Je ne pense pas que ça passe automatiquement par le transfert d’argent. C’est une prise de conscience que je souhaite accompagner. Au-delà des mots, ça veut dire aussi s’attacher au statut des sportives, qui n’est pas encore assez reconnu dans toutes les fédérations. Il faut aussi promouvoir le sport féminin à la télévision.

Une femme pour entraîner Clermont, c’est un coup de boost?

Oui, mais c’est marrant: il y a des hommes qui coachent des féminines et ça ne fait pas le buzz. Il faut qu’à terme ça devienne normal et banal.

Une arena à Paris, un stade de rugby… Où sont les priorités en termes d’infrastructures?

Il manque à Paris une infrastructure de style Arena, qui peut accueillir entre 8.000 et 12.000 personnes. On ne peut pas se satisfaire de Coubertin ou de la Halle Carpentier, qui apparaissent d’un autre temps. Il y a un projet qui va voir le jour. Sur quel financement? Il n’est pas arrêté, mais je laisse le soin à la ville de Paris de l’organiser. Pour le rugby, il y a plusieurs enjeux sur ce stade. Il y a celui de l’enjeu sportif, mais principalement un enjeu d’aménagement du territoire. Quand vous regardez le dossier, ce n’est pas qu’un stade de rugby, c’est un lieu de manifestations et d’évènementiel.
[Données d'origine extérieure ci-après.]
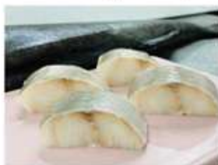
Alaskan Sablefish (Black Cod) Portions 80-100g/each piece 2 Pcs/Pack $22.50 - $90.00/kg
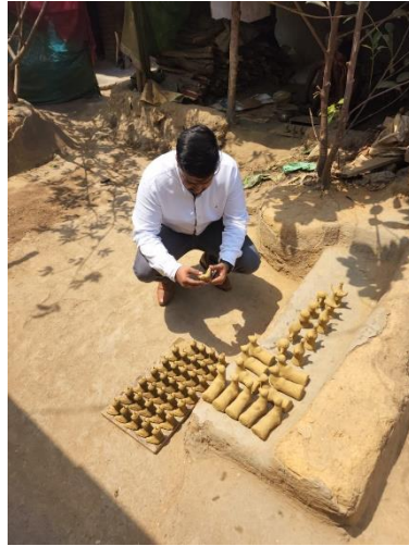
3: products under process
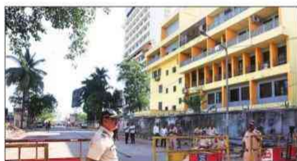
Security outside Hotel Rang Sharda in Bandra.
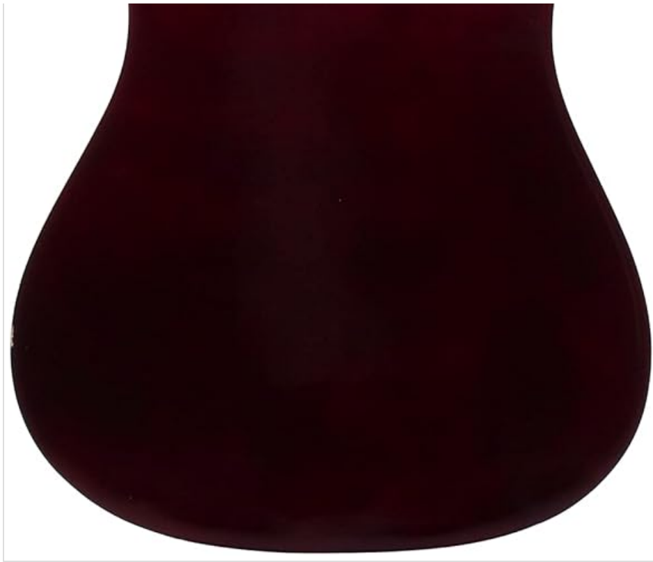
Image: Rear view of the Unistar classical guitar, displaying the dark finish of the back and neck.
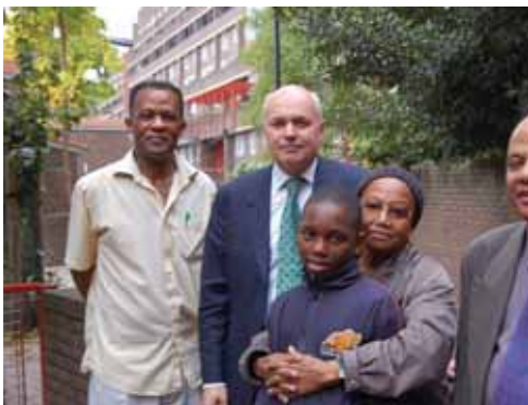
Political focus should take a holistic family view. Iain Duncan Smith meeting families on the Brixton Moorlands Estate

importantly, to back up those signals with necessary action cannot be said to be supportive of the family. We therefore recommend the following:
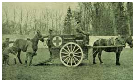
1914 A Blue Cross field ambulance rescues an injured army horse.
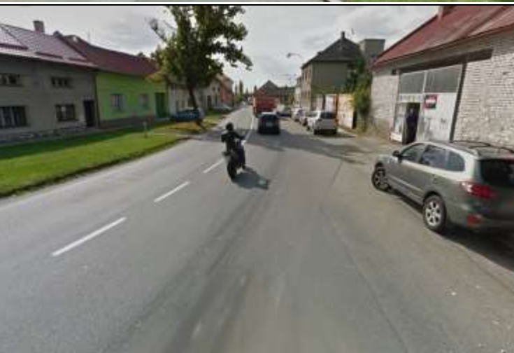
Low walkability, High SES
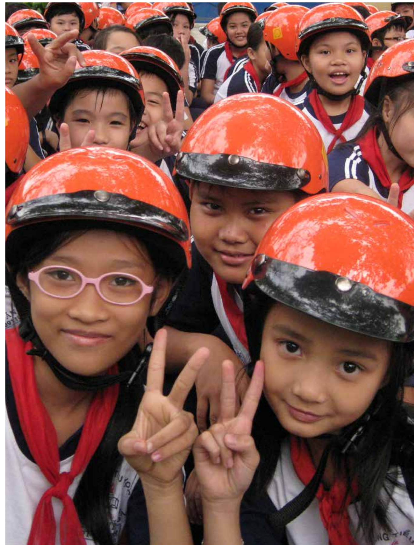
AIP Foundation's 'Helmets for Kids' is a highly successful NGO / corporate partnership for road safety
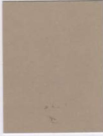
metallic | 38/15020 Champagne 303
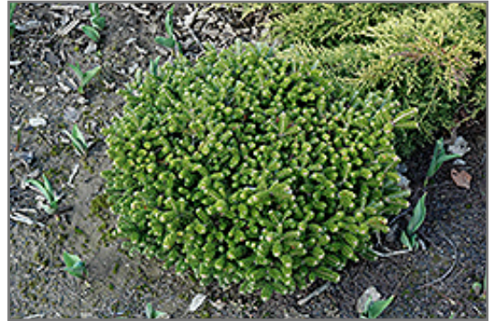
Oberon Korean Fir

A beautiful, slow growing dwarf variety that has a neat, mounded habit; showy white buds crown the branches in late fall and winter; ideal for a rock garden, particular as to siting
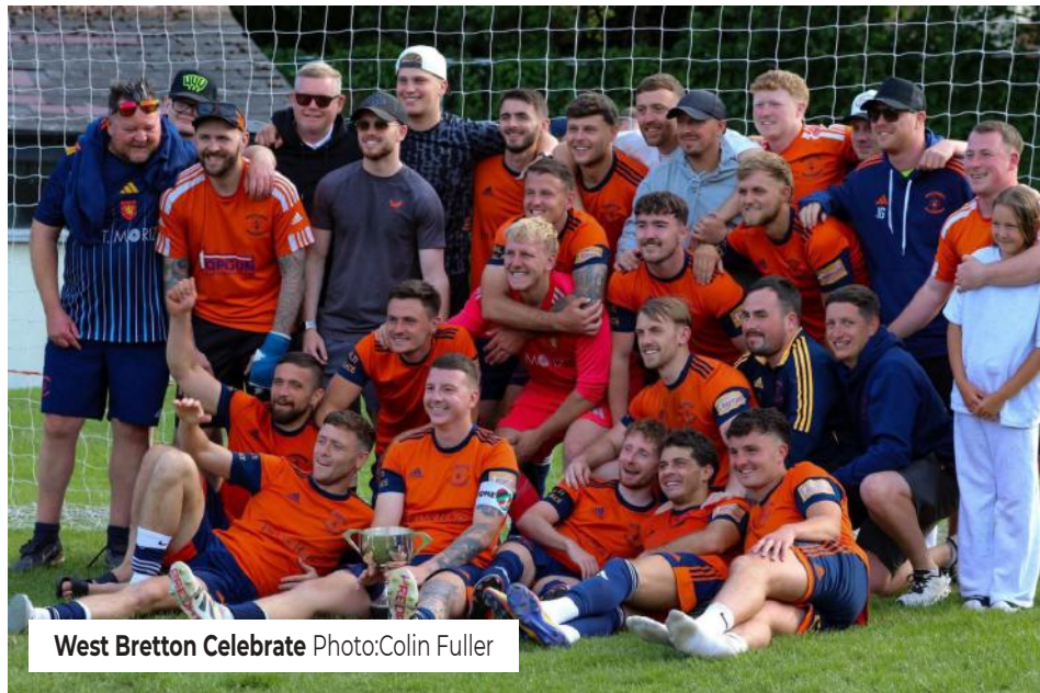
West Bretton Celebrate
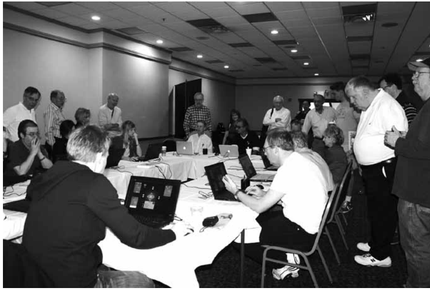
Players and kibitzers at the Bridge Big demonstration on Friday at the Galt House Hotel.

The founders of Bridge Big have some big dreams, the most ambitious of which is to organize Internet bridge tournaments for serious-money cash prizes.
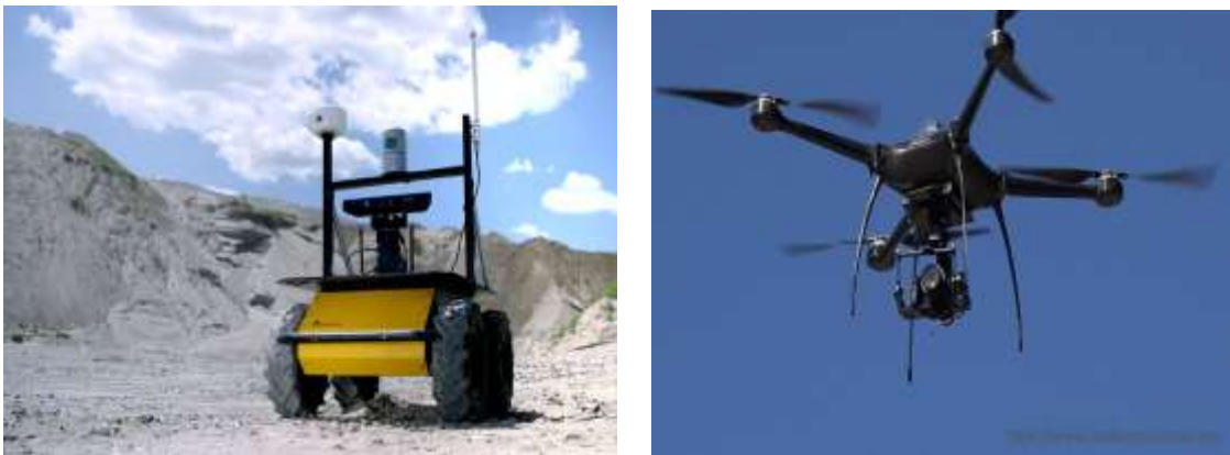
Figure 1: Terrestrial and Aerial devices

Robotic devices, both terrestrial and aerial, are being developed to perform tasks ranging from monitoring and measuring to surveying and inspection in less time and with a greater amount of data than traditional methods (Fig.1). The application of these systems brings improvements to the overall productivity of construction projects because the 3D information extracted from the multi-sensor robots can be incorporated into BIM technology and used in different design phases.
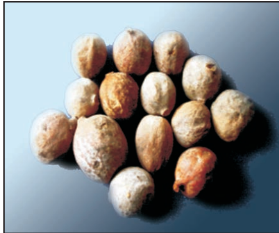
Dried fruits of Bibhitaki .
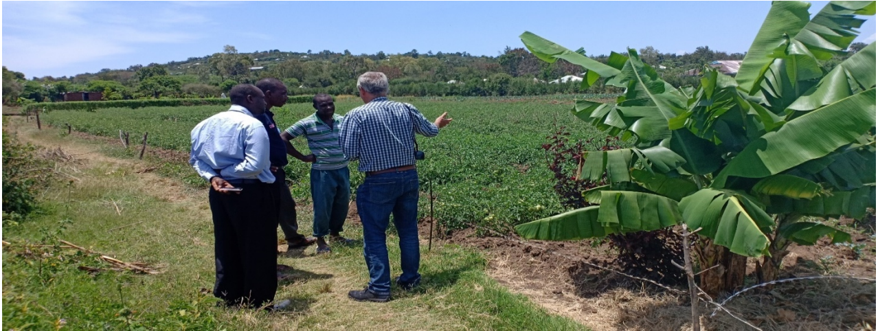
FIGURE 2 RAGO
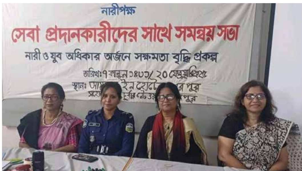
Coordination Meeting with Service Provider

Furthermore, to develop young women leaders, a special training on laws and policies was conducted. Participants gained knowledge on the Sexual Harassment Prevention Policy 2009, Domestic Violence (Prevention and Protection) Act 2010, Child Marriage Restraint Act and other relevant laws and developed team-based action plans to prevent violence. Twenty-five young women participated in this training.
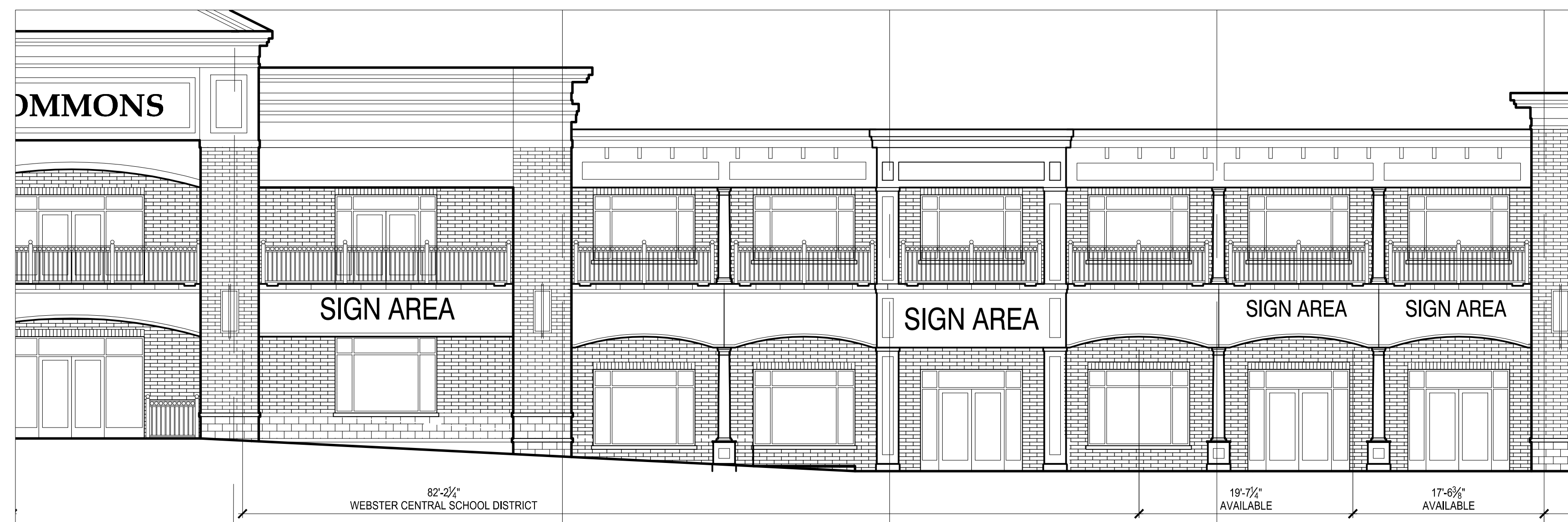
PARTIAL ELEVATION \frac{1}{8}''=1'-0''
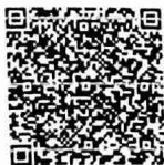
Registrar Pharmacy Council
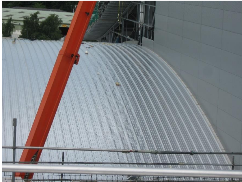
Fig 5 An example of oil canning due to radius of standing seam aluminium.

Visible rippling, oil canning and distortion on profiled wall sheets is typically caused by excess stress being applied at the installation stage resulting in a deformation of the profile. It is commonly caused by a misalignment of the underlying steelwork adding uneven pressure to the profile. Steel work alignment tolerances should be included in the NBS H31 spec at design stage.
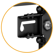
KEYHOLE MOUNTING SLOTS
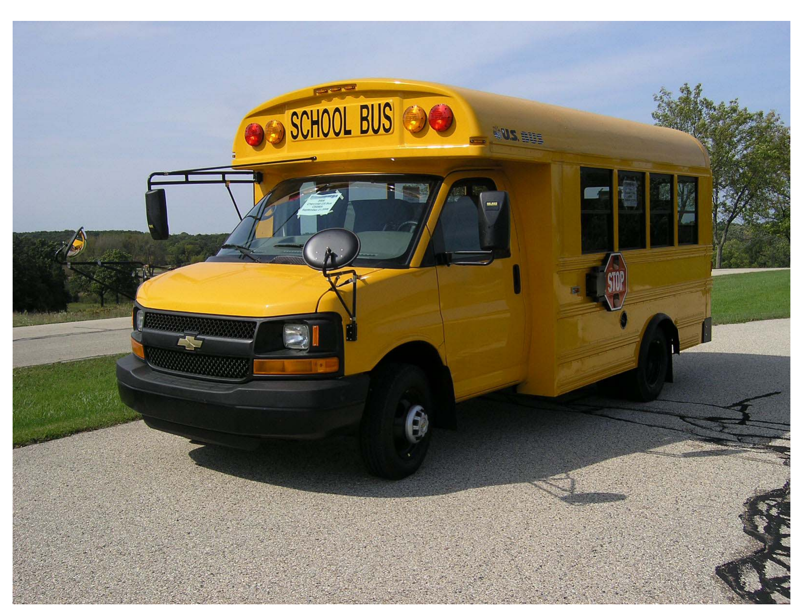
Three-Quarter Frontal View of Left Side of Vehicle
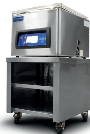
CABINET FOR T2, T3 & T4
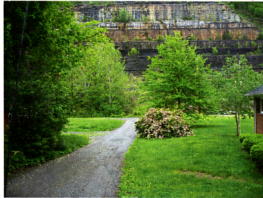
Trail is viewable and accesses driveway of a residential home.
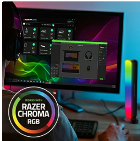
Image: The official Razer Chroma RGB logo, indicating compatibility and integration with the light bar.
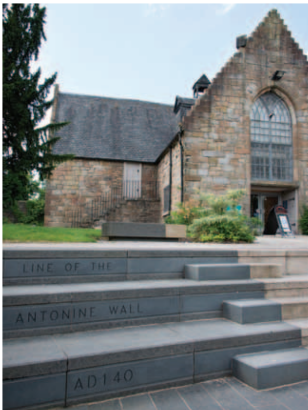
Old Kirk Museum, Kirkintilloch

East Dunbartonshire Council is part landowner of the Antonine Wall (2.2 km/17 ha, including Kirkintilloch Fort and New Kilpatrick Cemetery) with responsibility for the East Dunbartonshire Leisure and Culture Trust, an arms-length Trust whose remit includes the management of Auld Kirk Museum in Kirkintilloch. The Museum, situated next to the line of the Wall in the neighbouring Peel Park, has a small Roman display and runs outreach events for schools and the community. The Council is responsible for a wide range of services which are relevant to the management of the Antonine Wall. These include planning, economic development, tourism, roads and education. Archaeological services are provided to the Council by Rathmell Archaeology.
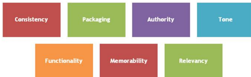
Figure 1 - Factors influenced by graphic design

Consistency is one of the most important factors in graphic design as designs are being shared across multiple marketing channels. The fit of graphic design in to that of the overall design of the marketing material plays an important role (Roberts, 2015).
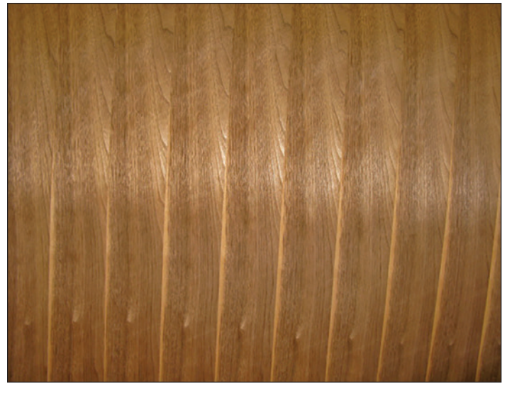
Figure 3. This veneer of black walnut is a good representation of a highly valued timber product from this species.

Le Stade de France, le Parc des Princes, les stades Jean-Bouin et l’Arena 92… Ce n’est pas trop?

C’est une histoire de logique financière. Vous pourriez en avoir 10, si les 10 arrivent à trouver un équilibre financier. Je fais confiance aux personnes qui décident d’investir pour comprendre qu’ils ne seront pas perdants.

Paris pourrait être candidat à l’organisation des JO 2024. Est-ce bien raisonnable financièrement en temps de crise?

Vous ne parlez que de la colonne dépense. C’est vrai qu’elles augmentent de plus en plus, mais on ne peut pas parler d’un dossier comme celui-ci si on n’entrevoit pas la colonne recette. Le bilan des JO de Londres amène un bénéfice pour le comité d’organisation. S’il y a vraiment un dossier sensible c’est celui-ci, il faut éviter les effets d’annonce. Là, il manque un travail préparatoire qui n’est pas fait et qui va se faire. Après une décision devra être prise.

La France est-elle encore capable d’organiser des Jeux olympiques?

La France est un grand pays. On va organiser de façon magistrale l’Euro 2016. Quand on voit les dernières organisations qui ont eu lieu, jamais un pays n’a été aussi prêt en avance de l’événement. Arrêtons de dire qu’on n’est pas bon. Au contraire, là on montre qu’on peut être les meilleurs.